In 2003, however, it was America who launched a preemptive war against a country that had neither the ability nor the motivation to threaten it. The Iraqi government and military, entirely unable to face the US in conventional warfare, collapsed in weeks, but the Iraqi people, most of whom had merely observed the invasion rather than resisted it, were undefeated. Their primary allegiances were tribal and religious, not to the Hussein regime; they were not about to transfer those allegiances to the US.

4: Bremer was no MacArthur.

Does that really even need to be said?

Douglas MacArthur was a brilliant general and strategist with years of experience in the Far East; more importantly, he was a conscientious leader who took his responsibilities as such seriously. He was an avid student of Japanese culture; he went out of his way to show respect for,  and sensitivity to, their customs; he used his vast power to give the Japanese people a taste of just, efficient government; he carefully discriminated between those responsible for the war and the average Japanese. He won the respect – some would say love – of the Japanese people by his conduct and policies, not by some magical force of personality.

Now consider L. Paul Bremer – a career fearmonger masquerading as a terrorism expert. Prior to his appointment as Interim Dictator of Iraq he was Chairman and CEO of Marsh Crisis Services, a risk assessment firm – which is to say, his professional expertise was in frightening other corporations. While real terrorism experts like Michael Scheuer repeatedly warned the Bush administration of the likely consequences of Bremer’s (and Bush’s) policies, Bremer used his powerful position to immortalize his own incompetence and ignorance. He disregarded years of American propaganda aimed at convincing Iraqi soldiers to abandon Saddam. Within weeks he had created all the conditions for a Sunni insurgency in Iraq through a series of incredibly stupid executive orders. That insurgency was the incubator in which Abu Bakr al Baghdadi and his private army, AQI/ISIL, were formed and developed. The current “Islamic State” traces its origins directly to Bremer’s first three months in office. While a civil war and an anti-American backlash were likely consequences of the invasion and occupation anyway, Bremer did everything imaginable to guarantee both.
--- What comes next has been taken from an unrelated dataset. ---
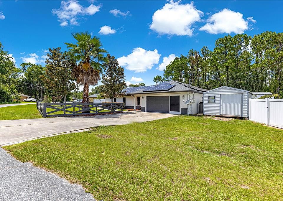 SPECIAL OFFER NOW AVAILABLE! This lot is now being offered with a BONUS PARCEL WORTH $45,000, included in the purchase price of $299,900! Stop the car, your search is over!! Your forever home is right here at 11 Pecan Pass Lp. This Absolutely Adorable 3 bedroom, 2 bathroom home with 2,001 square feet of thoughtfully designed living space in one of Ocala’s most sought-after neighborhoods has just HIT THE MARKET and is OVERFLOWING with Charm! Located in the heart of Silver Springs Shores, this beautifully updated home blends style, comfort, and energy efficiency. Step inside to the massive, open floorplan which showcases your gorgeous kitchen, the true hub of the home! Featuring expansive granite countertops, a large island bar perfect for casual meals or cocktails, and abundant cabinet space, it’s ideal for hosting holiday dinners, brunches, or game nights. The kitchen flows seamlessly into the living and dining areas, making entertaining effortless. French doors open to the stunning family room addition, filled with natural light from numerous sliding glass doors that offer easy indoor-outdoor living. The room features a split A/C unit for year-round comfort and an added bar with a built-in outdoor fridge—perfect for relaxing or entertaining while overlooking the large, vinyl-fenced backyard. Throughout the home, charming sliding barn doors add character and function. The oversized master suite includes a spacious walk-in closet and a peaceful retreat. This home boasts a new A/C unit (2022), top-of-the-line Pella windows, and a roof with fully PAID-OFF solar panels (2020), providing energy efficiency and long-term savings. A covered carport offers extra parking and is ideal for storing a boat, trailer, or recreational toys. Additional storage is available in the shed. Located just minutes from Walmart, Publix, Walgreens, and the popular Baseline Trailhead Park, great for hiking, biking, and picnics. Families will appreciate nearby schools, and commuters will love easy access to SE Maricamp Road for a quick trip to downtown Ocala. Outdoor enthusiasts will enjoy being close to Silver Springs State Park, known for kayaking, glass-bottom boat tours, and scenic trails. Lakes, golf courses, and equestrian facilities are also nearby, making this location perfect for an active lifestyle. This isn’t just a house—it’s a thoughtfully upgraded, energy-efficient entertainer’s paradise ready to welcome you home. Don’t miss your chance to own this Ocala gem—schedule your private tour today! (One shed and 2 carports included). Swim spa does not convey but open for negotiation). Call to schedule your showing today!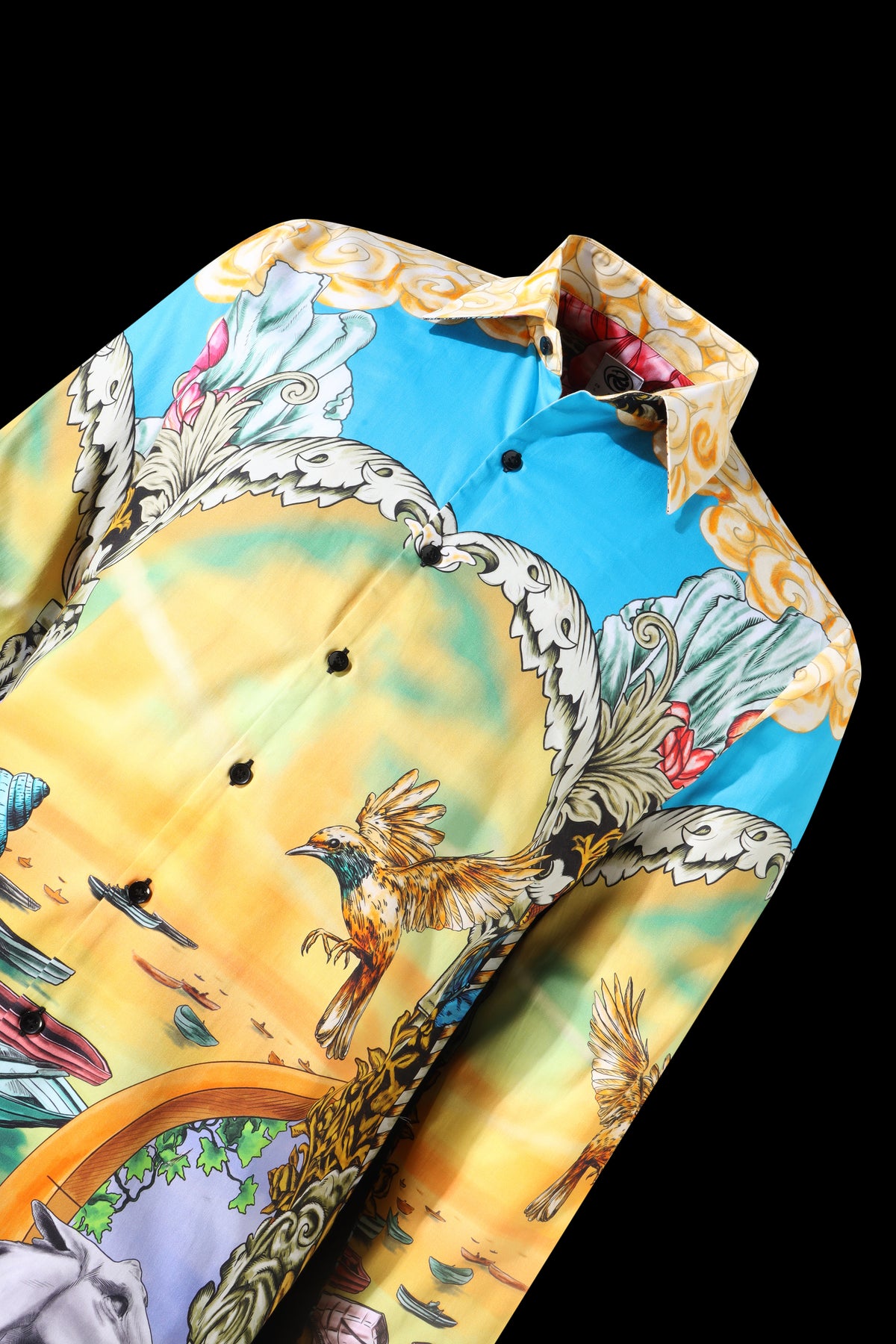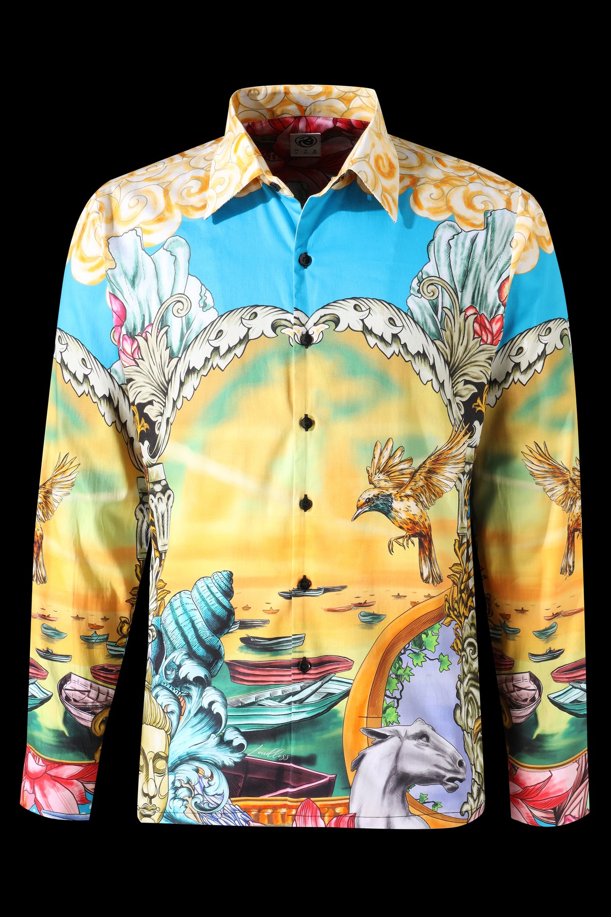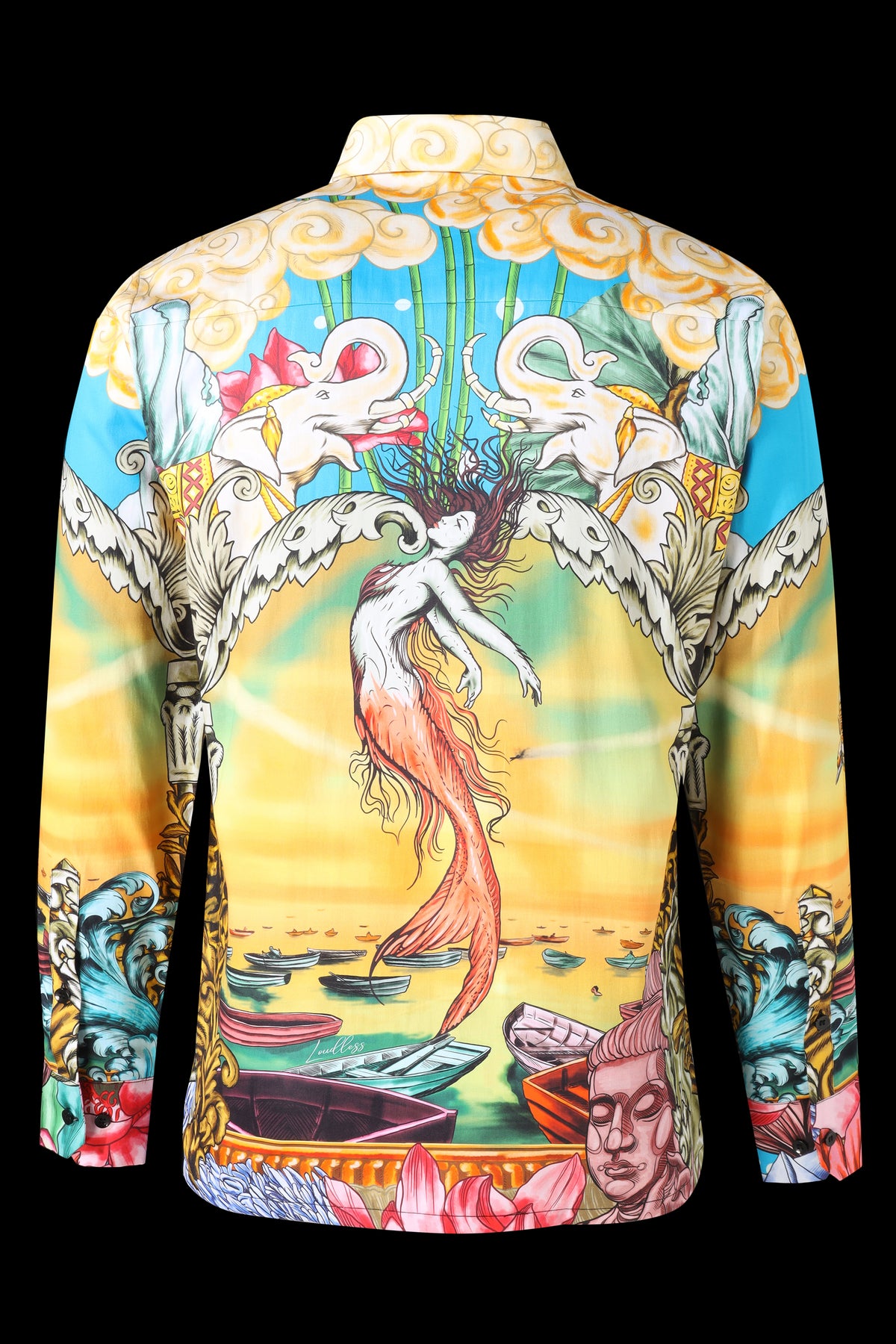 Mermaid sitting on a rock at sunset, surrounded by human figures, floral patterns, and architectural elements. Faces of statues are integrated into the design, along with vibrant flowers such as lotuses, lilies, and roses. The scene is symmetrical, with mirrored elements and intricate patterns, blending mythological imagery, natural motifs, and classical ornamentation into a unified composition.

Does it still seem reasonable, in light of the above, to blame the absence of American forces since 2011 for Iraq’s current plight? Add to all this theorizing the fact that insurgent violence and terrorism during the occupation was at its worst from 2004-06, with >100,000 coalition troops in the country – before the much hyped “surge” had taken place and before the 2011 withdrawal date had been set by the Bush administration. If the insurgency could not be contained with that level of military presence, on what basis can it be claimed that an extended troop presence would have helped? Add to that the equally important fact that even the puppet government we established under Maliki refused to allow any American troops to remain, so that if we had kept combat forces there they would likely have been dealing with a Shia threat perhaps equal to the Sunni insurgency.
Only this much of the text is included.